Only one stretch of the data should be retyped: the lines from the line containing "Naklejka premium Goat" through the line containing "ศธ. กำชับ ฝุ่น". Keep pictures out of it.

BEGIN Provided records

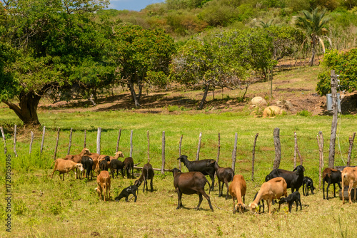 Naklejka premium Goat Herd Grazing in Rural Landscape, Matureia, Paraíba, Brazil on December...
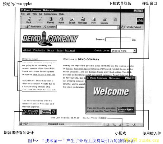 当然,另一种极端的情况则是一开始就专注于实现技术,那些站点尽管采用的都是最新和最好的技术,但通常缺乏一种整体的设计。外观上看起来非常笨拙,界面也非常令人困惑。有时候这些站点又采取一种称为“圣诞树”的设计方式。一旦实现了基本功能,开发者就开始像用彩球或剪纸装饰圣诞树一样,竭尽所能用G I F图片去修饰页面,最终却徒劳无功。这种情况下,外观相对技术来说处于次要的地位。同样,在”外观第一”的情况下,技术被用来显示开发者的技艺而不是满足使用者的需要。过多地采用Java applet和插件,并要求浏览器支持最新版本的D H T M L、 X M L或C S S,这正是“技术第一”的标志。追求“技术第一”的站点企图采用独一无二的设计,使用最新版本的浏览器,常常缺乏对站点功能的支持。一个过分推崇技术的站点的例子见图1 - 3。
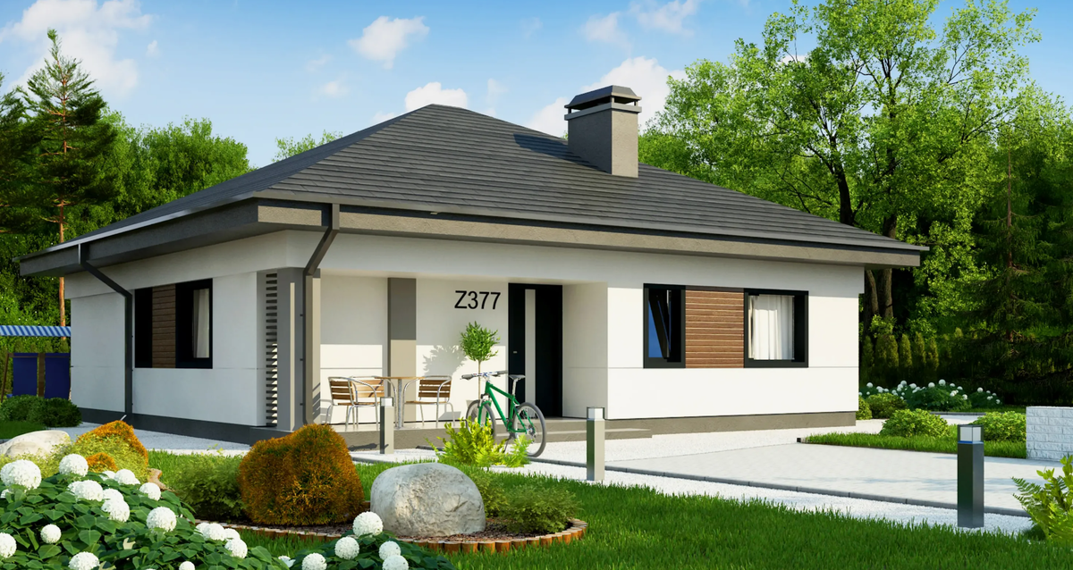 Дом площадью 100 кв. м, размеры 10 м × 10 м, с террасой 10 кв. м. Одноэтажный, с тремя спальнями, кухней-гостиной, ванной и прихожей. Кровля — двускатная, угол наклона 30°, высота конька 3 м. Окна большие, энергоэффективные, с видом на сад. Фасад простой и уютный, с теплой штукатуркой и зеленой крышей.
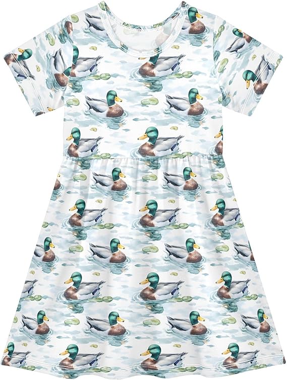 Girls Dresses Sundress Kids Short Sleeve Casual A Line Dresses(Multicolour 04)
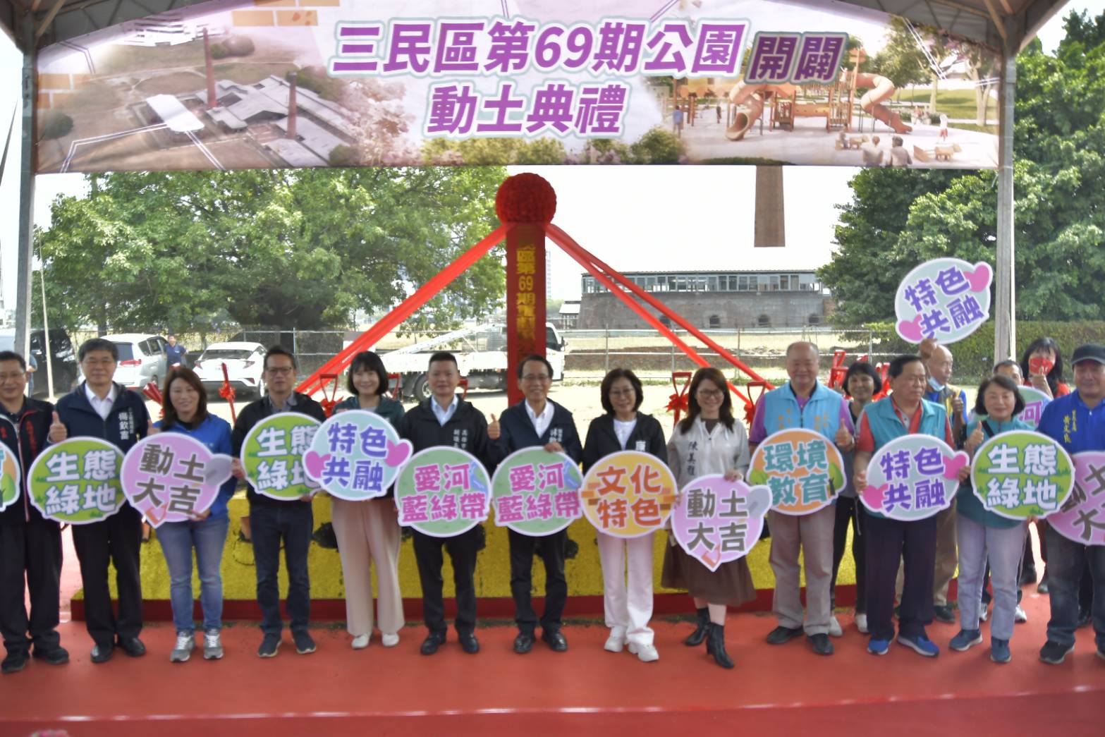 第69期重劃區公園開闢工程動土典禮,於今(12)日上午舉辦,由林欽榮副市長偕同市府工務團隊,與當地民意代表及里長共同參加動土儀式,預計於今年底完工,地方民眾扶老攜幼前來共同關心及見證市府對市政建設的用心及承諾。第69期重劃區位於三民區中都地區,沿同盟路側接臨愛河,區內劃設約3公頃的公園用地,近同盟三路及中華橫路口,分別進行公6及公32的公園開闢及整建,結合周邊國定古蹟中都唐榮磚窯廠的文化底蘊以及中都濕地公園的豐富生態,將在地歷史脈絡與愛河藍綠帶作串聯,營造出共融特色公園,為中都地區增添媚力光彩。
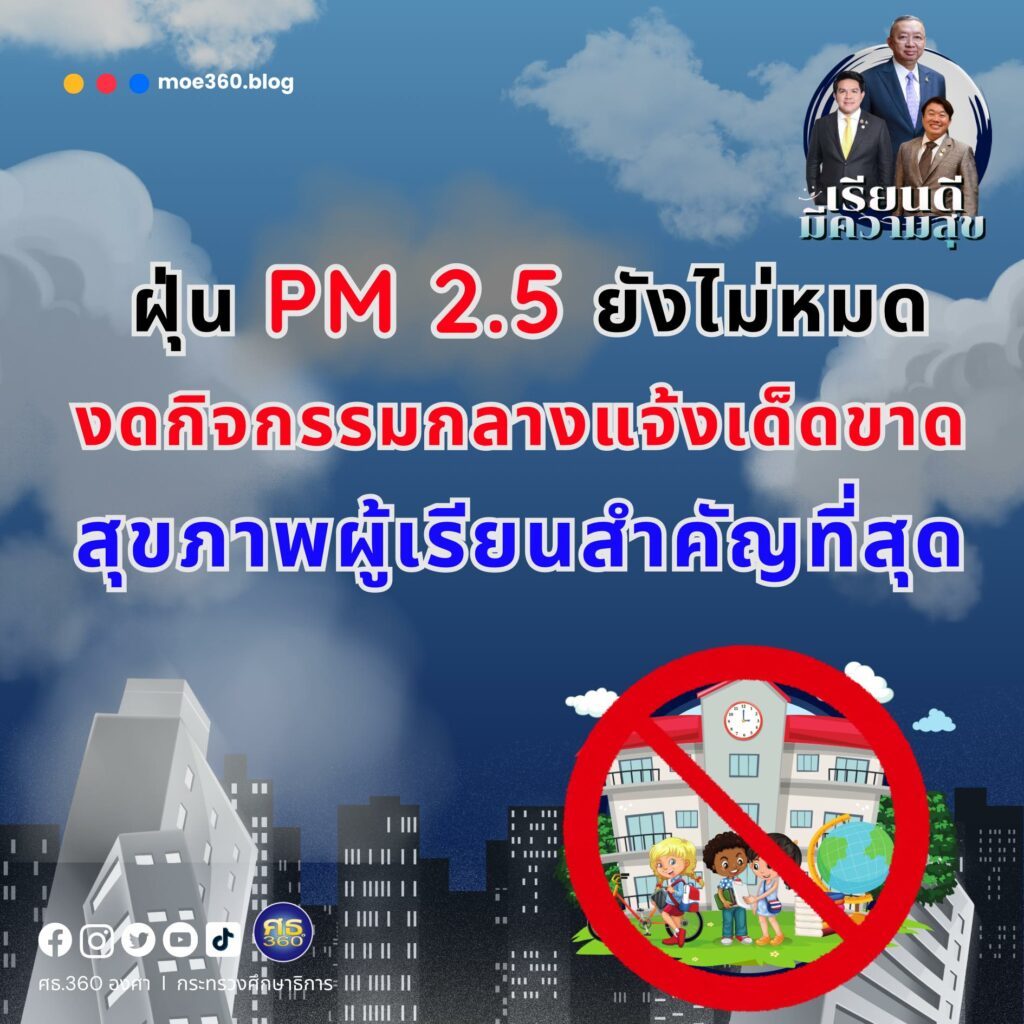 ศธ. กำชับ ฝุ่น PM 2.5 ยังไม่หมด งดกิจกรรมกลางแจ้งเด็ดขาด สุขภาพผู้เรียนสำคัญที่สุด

END Provided records
BEGIN Provided records

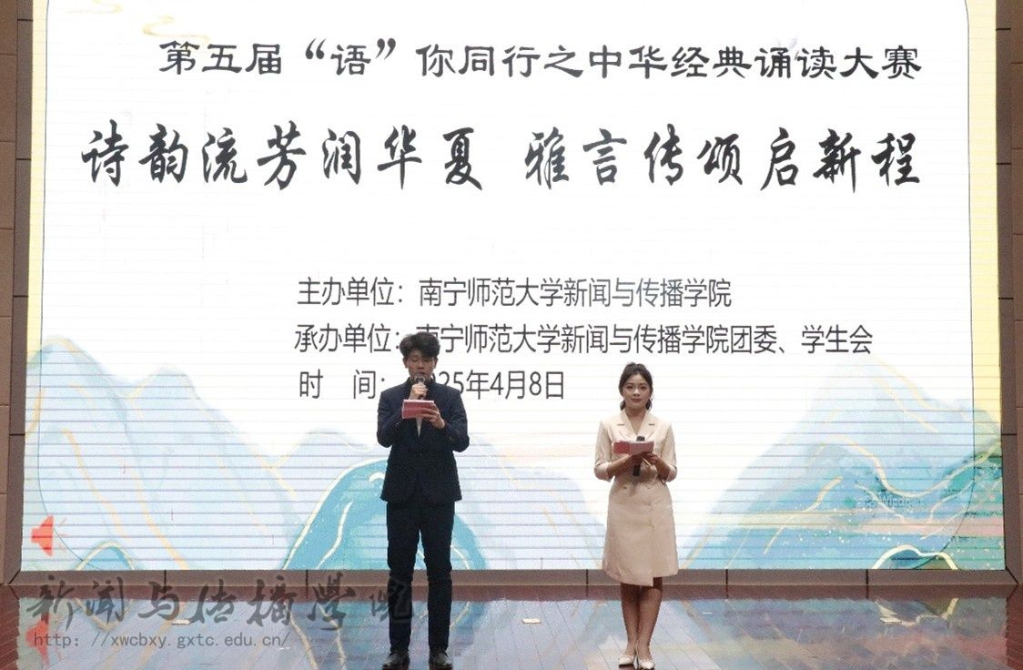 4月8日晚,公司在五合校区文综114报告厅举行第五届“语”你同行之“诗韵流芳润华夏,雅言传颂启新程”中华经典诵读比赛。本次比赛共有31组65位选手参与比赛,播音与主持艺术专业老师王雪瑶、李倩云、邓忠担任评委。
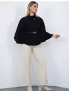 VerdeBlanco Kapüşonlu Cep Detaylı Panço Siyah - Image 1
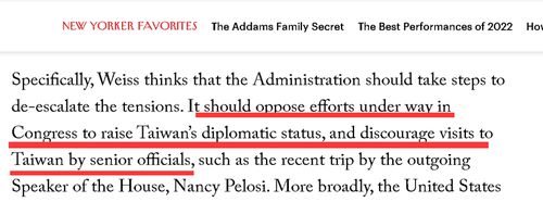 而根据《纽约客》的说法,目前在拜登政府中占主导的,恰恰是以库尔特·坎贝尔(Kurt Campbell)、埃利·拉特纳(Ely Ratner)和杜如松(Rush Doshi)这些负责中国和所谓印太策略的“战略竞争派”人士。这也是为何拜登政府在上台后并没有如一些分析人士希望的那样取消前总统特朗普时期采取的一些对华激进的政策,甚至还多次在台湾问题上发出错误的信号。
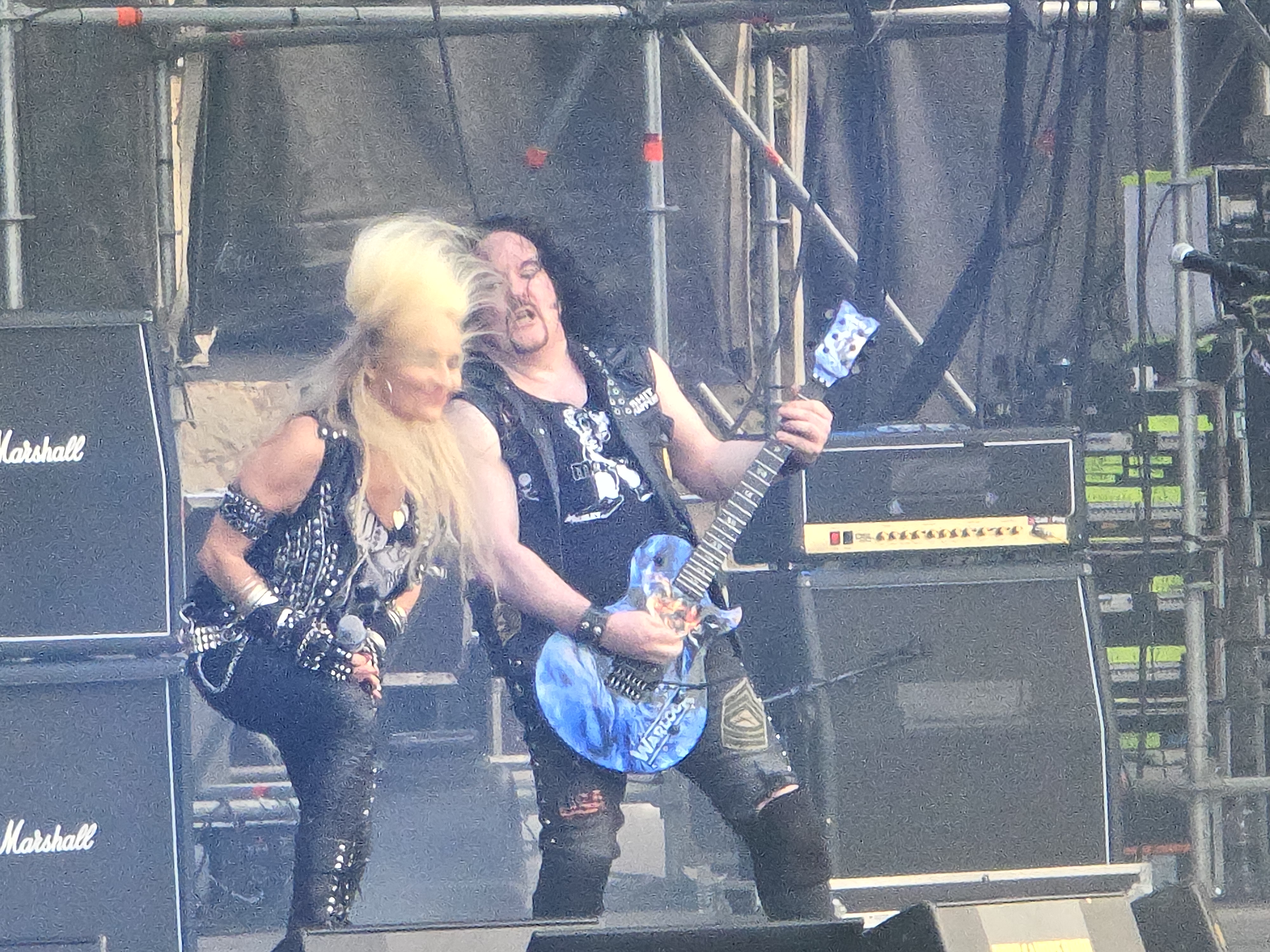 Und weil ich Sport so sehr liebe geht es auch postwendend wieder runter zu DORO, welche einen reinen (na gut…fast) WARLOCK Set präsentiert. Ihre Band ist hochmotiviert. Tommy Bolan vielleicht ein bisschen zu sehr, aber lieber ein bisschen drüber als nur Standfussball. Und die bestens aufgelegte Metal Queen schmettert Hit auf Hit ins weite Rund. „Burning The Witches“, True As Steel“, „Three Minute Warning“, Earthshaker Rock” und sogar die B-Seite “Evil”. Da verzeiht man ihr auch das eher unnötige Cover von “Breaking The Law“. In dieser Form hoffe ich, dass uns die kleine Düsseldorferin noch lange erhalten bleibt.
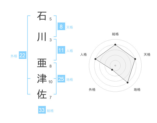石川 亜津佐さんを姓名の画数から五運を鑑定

END Provided records

Response to the task →
 Naklejka premium Goat Herd Grazing in Rural Landscape, Matureia, Paraíba, Brazil on December...
 当然,另一种极端的情况则是一开始就专注于实现技术,那些站点尽管采用的都是最新和最好的技术,但通常缺乏一种整体的设计。外观上看起来非常笨拙,界面也非常令人困惑。有时候这些站点又采取一种称为“圣诞树”的设计方式。一旦实现了基本功能,开发者就开始像用彩球或剪纸装饰圣诞树一样,竭尽所能用G I F图片去修饰页面,最终却徒劳无功。这种情况下,外观相对技术来说处于次要的地位。同样,在”外观第一”的情况下,技术被用来显示开发者的技艺而不是满足使用者的需要。过多地采用Java applet和插件,并要求浏览器支持最新版本的D H T M L、 X M L或C S S,这正是“技术第一”的标志。追求“技术第一”的站点企图采用独一无二的设计,使用最新版本的浏览器,常常缺乏对站点功能的支持。一个过分推崇技术的站点的例子见图1 - 3。
 Дом площадью 100 кв. м, размеры 10 м × 10 м, с террасой 10 кв. м. Одноэтажный, с тремя спальнями, кухней-гостиной, ванной и прихожей. Кровля — двускатная, угол наклона 30°, высота конька 3 м. Окна большие, энергоэффективные, с видом на сад. Фасад простой и уютный, с теплой штукатуркой и зеленой крышей.
 Girls Dresses Sundress Kids Short Sleeve Casual A Line Dresses(Multicolour 04)
 第69期重劃區公園開闢工程動土典禮,於今(12)日上午舉辦,由林欽榮副市長偕同市府工務團隊,與當地民意代表及里長共同參加動土儀式,預計於今年底完工,地方民眾扶老攜幼前來共同關心及見證市府對市政建設的用心及承諾。第69期重劃區位於三民區中都地區,沿同盟路側接臨愛河,區內劃設約3公頃的公園用地,近同盟三路及中華橫路口,分別進行公6及公32的公園開闢及整建,結合周邊國定古蹟中都唐榮磚窯廠的文化底蘊以及中都濕地公園的豐富生態,將在地歷史脈絡與愛河藍綠帶作串聯,營造出共融特色公園,為中都地區增添媚力光彩。
 ศธ. กำชับ ฝุ่น PM 2.5 ยังไม่หมด งดกิจกรรมกลางแจ้งเด็ดขาด สุขภาพผู้เรียนสำคัญที่สุด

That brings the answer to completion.